The emerging role of gasotransmitters in the pathogenesis of tuberculosis.

作者信息

Chinta Krishna C, Saini Vikram, Glasgow Joel N, Mazorodze James H, Rahman Md Aejazur, Reddy Darshan, Lancaster Jack R, Steyn Adrie J C

机构信息

Department of Microbiology, University of Alabama at Birmingham, Birmingham, AL, USA.

Department of Microbiology, University of Alabama at Birmingham, Birmingham, AL, USA; UAB Center for Free Radical Biology, University of Alabama at Birmingham, Birmingham, AL, USA.

出版信息

Nitric Oxide. 2016 Sep 30;59:28-41. doi: 10.1016/j.niox.2016.06.009. Epub 2016 Jul 4.

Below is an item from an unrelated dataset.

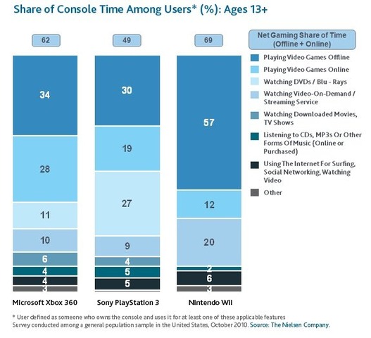 3大ゲーム機は使われ方にもそれぞれ特徴があるようです。米国の調査会社ニールセンは、Wii、プレイステーション3、Xbox360がどのように使われているかという調査結果をまとめています。今年10月に米国のゲーム機ユーザーを対象に行った調査で、それぞれのゲーム機の用途に関して日本のユーザーが見ても面白い結果が出ています。ゲーム機の総使用時間における、それぞれの用途の割合がチェックされていますが、トップ3を見ていきましょう。■Wii使用時間トップ3(ニールセンまとめ)オフラインでゲームをする:57%ストリーミングサービスで動画を見る:20%オンラインでゲームをする:12%■プレイステーション3使用時間トップ3(ニールセンまとめ)オフラインでゲームをする:30%DVD/ブルーレイの鑑賞:27%オンラインでゲームをする:19%■Xbox360使用時間トップ3(ニールセンまとめ)オフラインでゲームをする:34%オンラインでゲームをする:28%DVDの鑑賞:11%いずれのゲーム機もトップは「オフラインでゲームをする」ことですが、割合が大きく異なっています。興味深いのはXbox360におけるオンラインでゲームを遊ぶ率の高さで、オフラインでのゲームに近い時間が費やされていることになります。3種の据置ゲーム機の特徴が数値から見えてくるというわけで、日本で同様の調査が行われた場合にどういう結果が出るかも見てみたいですね。

DOI:10.1016/j.niox.2016.06.009
PMID:27387335
原文链接:https://pmc.ncbi.nlm.nih.gov/articles/PMC5028278/
Abstract

Mycobacterium tuberculosis (Mtb) is a facultative intracellular pathogen and the second largest contributor to global mortality caused by an infectious agent after HIV. In infected host cells, Mtb is faced with a harsh intracellular environment including hypoxia and the release of nitric oxide (NO) and carbon monoxide (CO) by immune cells. Hypoxia, NO and CO induce a state of in vitro dormancy where Mtb senses these gases via the DosS and DosT heme sensor kinase proteins, which in turn induce a set of ∼47 genes, known as the Mtb Dos dormancy regulon. On the contrary, both iNOS and HO-1, which produce NO and CO, respectively, have been shown to be important against mycobacterial disease progression. In this review, we discuss the impact of O2, NO and CO on Mtb physiology and in host responses to Mtb infection as well as the potential role of another major endogenous gas, hydrogen sulfide (H2S), in Mtb pathogenesis.

摘要

结核分枝杆菌(Mtb)是一种兼性细胞内病原体,是继艾滋病毒之后导致全球死亡的第二大传染性病原体。在受感染的宿主细胞中,Mtb面临着恶劣的细胞内环境,包括缺氧以及免疫细胞释放一氧化氮(NO)和一氧化碳(CO)。缺氧、NO和CO会诱导体外休眠状态,在此状态下,Mtb通过DosS和DosT血红素传感器激酶蛋白感知这些气体,进而诱导一组约47个基因,即所谓的Mtb Dos休眠调节子。相反,分别产生NO和CO的诱导型一氧化氮合酶(iNOS)和血红素加氧酶-1(HO-1)均已被证明对分枝杆菌疾病进展具有重要作用。在本综述中,我们讨论了氧气、NO和CO对Mtb生理学以及宿主对Mtb感染反应的影响,以及另一种主要内源性气体硫化氢(H2S)在Mtb发病机制中的潜在作用。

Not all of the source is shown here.